Once they started looking, they found stories “everywhere and anywhere”, including in PhDs and other manuscripts.“But then we put another layer on top by talking to people and getting their interpretations.”
The project took shape thematically around the ancestors’ qualities, with headings like ‘peacemakers’, ‘entrepreneurs’ and ‘political leaders’.
I was surrounded by these great role models, and I also learnt how to engage with communities and research participants. It really does matter who you have in your corner.
There was a turning point in Te Kapua’s involvement after two years of full-time research.
“Melinda asked me to be co-author, to recognise ‘the immense work’ I’d put in, even though I was still in my mid-twenties when many are still growing the feathers required to fly like the proverbial manu.”
He believes his connection with leaders like Melinda and Dame Cindy Kiro, one of his masters supervisors, and Associate Professor Te Kawehau Hoskins (Pro Vice-Chancellor Māori), whom he met while training to be a teacher at Epsom, has made a vital difference to his success.

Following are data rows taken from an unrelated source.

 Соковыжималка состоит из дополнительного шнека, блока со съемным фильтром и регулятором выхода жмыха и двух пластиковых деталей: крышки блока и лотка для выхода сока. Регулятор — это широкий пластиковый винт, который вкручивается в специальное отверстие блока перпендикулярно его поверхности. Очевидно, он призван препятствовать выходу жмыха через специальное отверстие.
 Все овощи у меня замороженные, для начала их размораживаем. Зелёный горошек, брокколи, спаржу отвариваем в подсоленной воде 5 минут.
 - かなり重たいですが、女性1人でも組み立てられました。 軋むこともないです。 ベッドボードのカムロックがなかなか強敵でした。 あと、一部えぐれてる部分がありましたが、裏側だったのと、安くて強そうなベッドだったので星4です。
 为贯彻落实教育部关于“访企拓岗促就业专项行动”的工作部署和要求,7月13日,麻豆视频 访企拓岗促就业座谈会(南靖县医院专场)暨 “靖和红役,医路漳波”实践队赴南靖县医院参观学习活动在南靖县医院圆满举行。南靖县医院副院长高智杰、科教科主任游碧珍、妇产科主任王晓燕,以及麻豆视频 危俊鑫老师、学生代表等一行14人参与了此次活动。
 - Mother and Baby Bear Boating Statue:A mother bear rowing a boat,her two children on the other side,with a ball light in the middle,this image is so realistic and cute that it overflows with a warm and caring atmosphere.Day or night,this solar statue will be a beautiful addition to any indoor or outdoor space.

“I was surrounded by these great role models, and I also learnt how to engage with communities and research participants. It really does matter who you have in your corner.”

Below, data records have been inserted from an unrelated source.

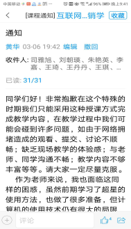 3、讨论学习应用知识点。结合目前疫情提供了关于远程办公、网络教育等问题的案例材料,让学生结合营销环境的变化和自己的实际情况提出看法,因为讨论题对于学生来说都是参与者和关注者,同时大家也和我一样也为此矛盾和困惑,55名同学,59份回复,大家讨论积极热烈。我也进行了评价和追问,引发学生深入思考营销理论在实践中的运用。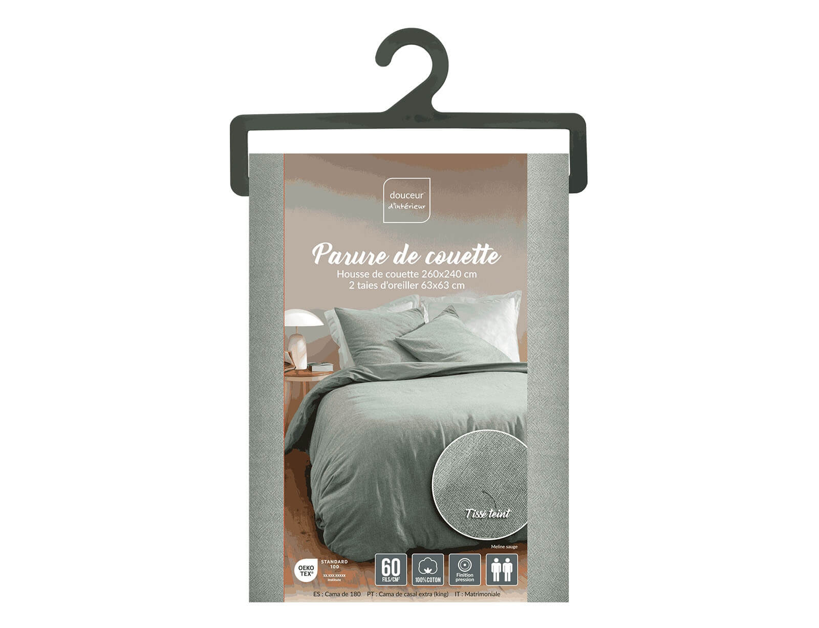 Σετ King Size Παπλωματοθήκη & 2 Μαξιλαροθήκες Meline Douceur d'intérieur από βαμβάκι 60TC, με διαστάσεις 240x260cm - Sage
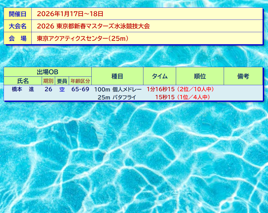 | 1/17~18 | 2026 東京都新春マスターズ水泳競技大会 |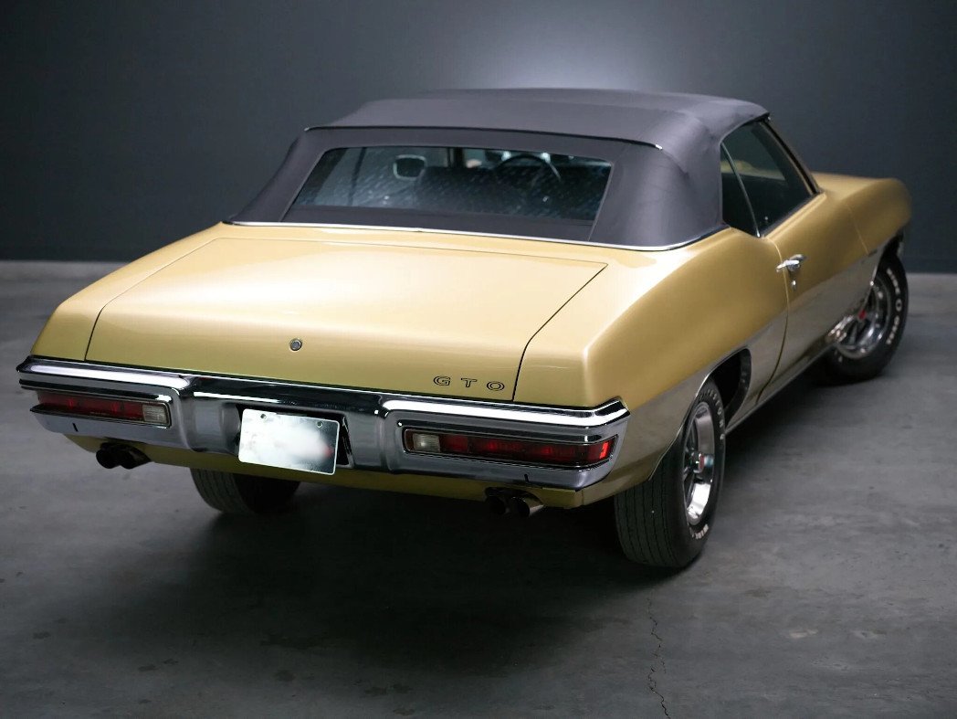 Features include a powered black convertible soft top, Ram Air hood, Endura front bumper, quad headlamps, bright finished rocker trim, and dual exhaust outlets that exit below the chrome rear bumper.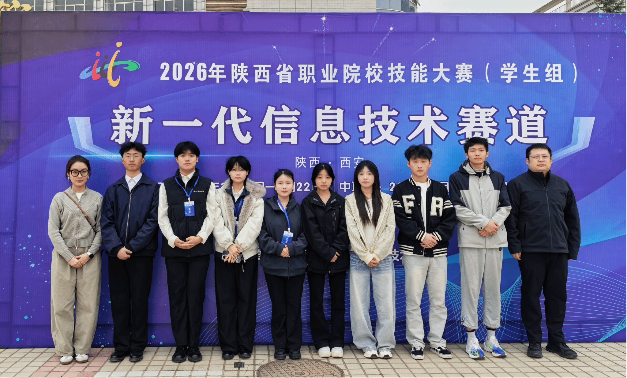 3月19日至22日,由陕西省教育厅主办、陕西国防工业职业技术学院承办的2026年陕西省高等职业院校技能大赛“新一代信息技术”赛道在陕西国防工业职业技术学院举行。该赛事聚焦新一代信息技术前沿领域,共有来自全省高职院校的57支队伍参赛。我院选派2支队伍,由教师任朝辉、孙金涛带队,马姝轩、王婷、刘龙彬、张宇航、赖善权、李艳、张译文、杨一帆八名学生代表学校参赛。

Once the material was gathered, the writing process involved intense periods of retreat in which Te Kapua and Melinda read aloud what they’d written. “We both have a background in academic writing. We wanted to make it engaging and entertaining for a general audience.”
Quinton Hita, who translated around 60,000 words, contributed his own refinements which influenced the English version, essentially making him the third author, says Te Kapua. And the work of renowned New Zealand artist Shane Cotton is featured on the cover of both books.
“It was important to us that the books be beautiful aesthetically; our people deserve no less. I still remembering gasping when I first saw what would become the cover painting. It was perfect.”
Now with the expertise of the Auckland University Press team and a mapmaker, the six-year project is finally complete, which Te Kapua says “feels a bit scary. Other people will have different perspectives. However, a supporter reminded us that without these projects, our histories will be lost, just like the moa, and that gave us the strength and confidence to continue.
“We have always positioned these books as a starting point in the ongoing journey to revitalise our Māori histories. We hope they plant a seed of inquiry in the young and old of Te Tai Tokerau to learn about who we are.”